October 6, 2015
(ANTIMEDIA) Maryland — Without the creative application of psychedelic drugs, it is very possible that the iPod would have never been invented and DNA may have never been discovered. Francis Crick, the scientist credited with discovering DNA, was taking psychedelic drugs when he made his groundbreaking revelation.
The London-based periodical Mail on Sunday reported that after Crick’s death in 2004, “The abrasive and unorthodox Crick and his brilliant American co-researcher James Watson famously celebrated their eureka moment in March 1953 by running from the now legendary Cavendish Laboratory in Cambridge to the nearby Eagle pub, where they announced over pints of bitter that they had discovered the secret of life.
Crick, who died ten days ago, aged 88, later told a fellow scientist that he often used small doses of LSD, then an experimental drug used in psychotherapy to boost his powers of thought.
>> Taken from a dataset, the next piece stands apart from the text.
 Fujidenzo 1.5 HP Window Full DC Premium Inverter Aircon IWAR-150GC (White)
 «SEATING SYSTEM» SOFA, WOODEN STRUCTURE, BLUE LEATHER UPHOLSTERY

He said it was LSD, not the Eagle’s warm beer that helped him to unravel the structure of DNA, the discovery that won him the Nobel Prize.”
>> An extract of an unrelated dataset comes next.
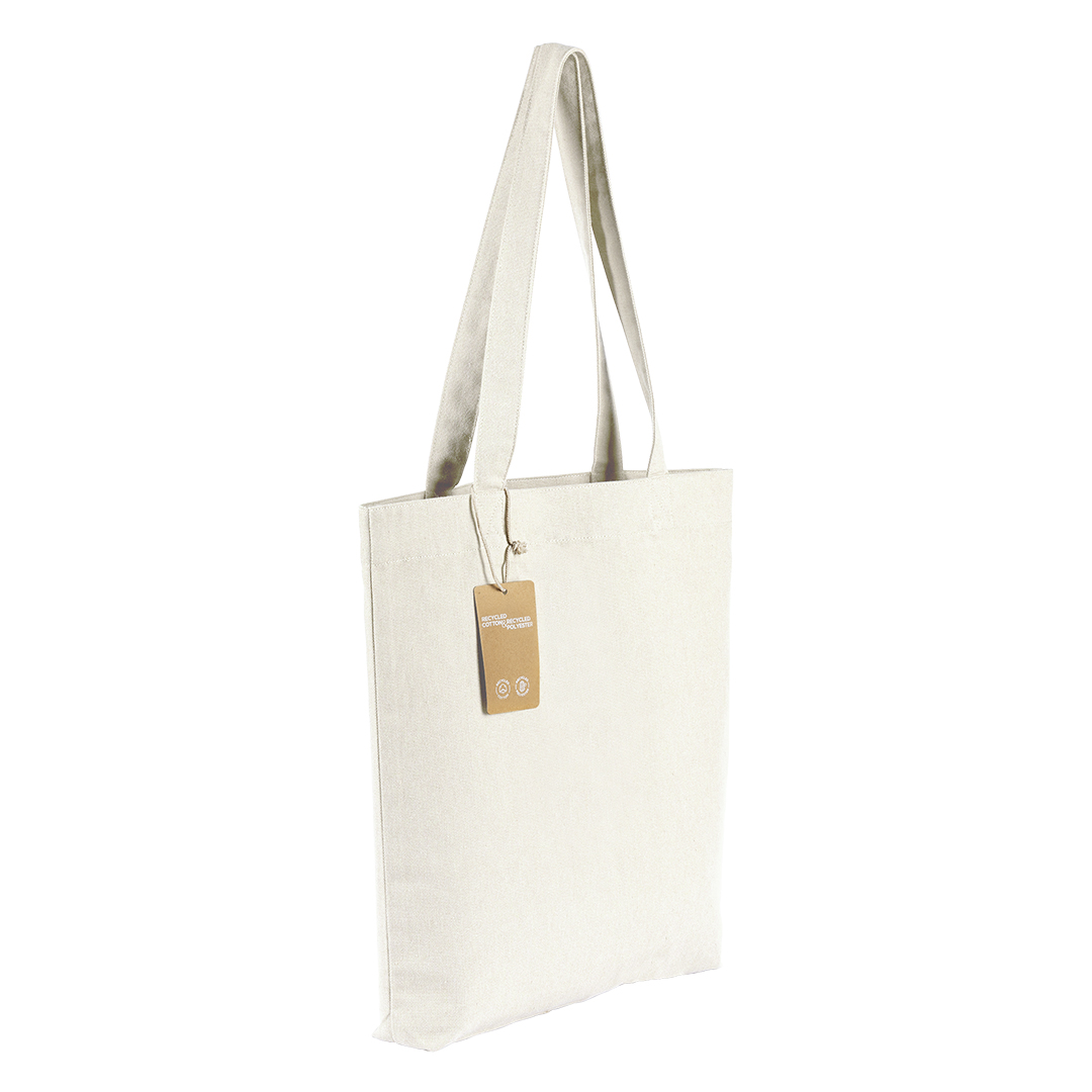 Pamučna torba • Sirovinski sastav: 80% reciklirani pamuk, 20% reciklirani poliester • Gramatura: 300 g/m2 • Čvrsta i kompaktna struktura • Duge ručke za nošenje na ramenu • Eco koncept sa hangtag etiketom • Vezena etiketa za isticanje održivosti • GRS sertifikat • OEKO-TEX sertifikat • FAIRTRADE sertifikat

Years later, another scientist and LSD user by the name of Kary Mullis advanced our knowledge of DNA even further with the development of the polymerase chain reaction (PCR) technique, a process that made it possible for scientists to better study how DNA works.
In his book, Dancing Naked in The Mind Field, Mullis said:
“A person who loved playing with chemicals as much as I did just couldn’t help but be intrigued by LSD. The concept that there existed chemicals with the ability to transform the mind, to open up new windows of perception, fascinated me. I considered myself to be a serious scientist. At the time it was still all very scholarly and still legal. There was no tawdry aura over it. People weren’t blaming their kids’ problems on it yet. Hippies had just started to differentiate themselves from beatniks and the difference seemed to be fewer years and more hair on the hippies. And they stayed in college.”
Steve Jobs, the mind behind the first Apple computers, iPods, iPhones, and other revolutionary technology, frequently said his experiences with psychedelics were among the most important events in his life.
His biography quoted him on the matter:
“Taking LSD was a profound experience, one of the most important things in my life. LSD shows you that there’s another side to the coin, and you can’t remember it when it wears off, but you know it. It reinforced my sense of what was important—creating great things instead of making money, putting things back into the stream of history and of human consciousness as much as I could.”
Steve Jobs wasn’t the only technological pioneer who used psychedelics to boost creativity. Douglas Englebart, the inventor of the computer mouse, was also a psychedelic user.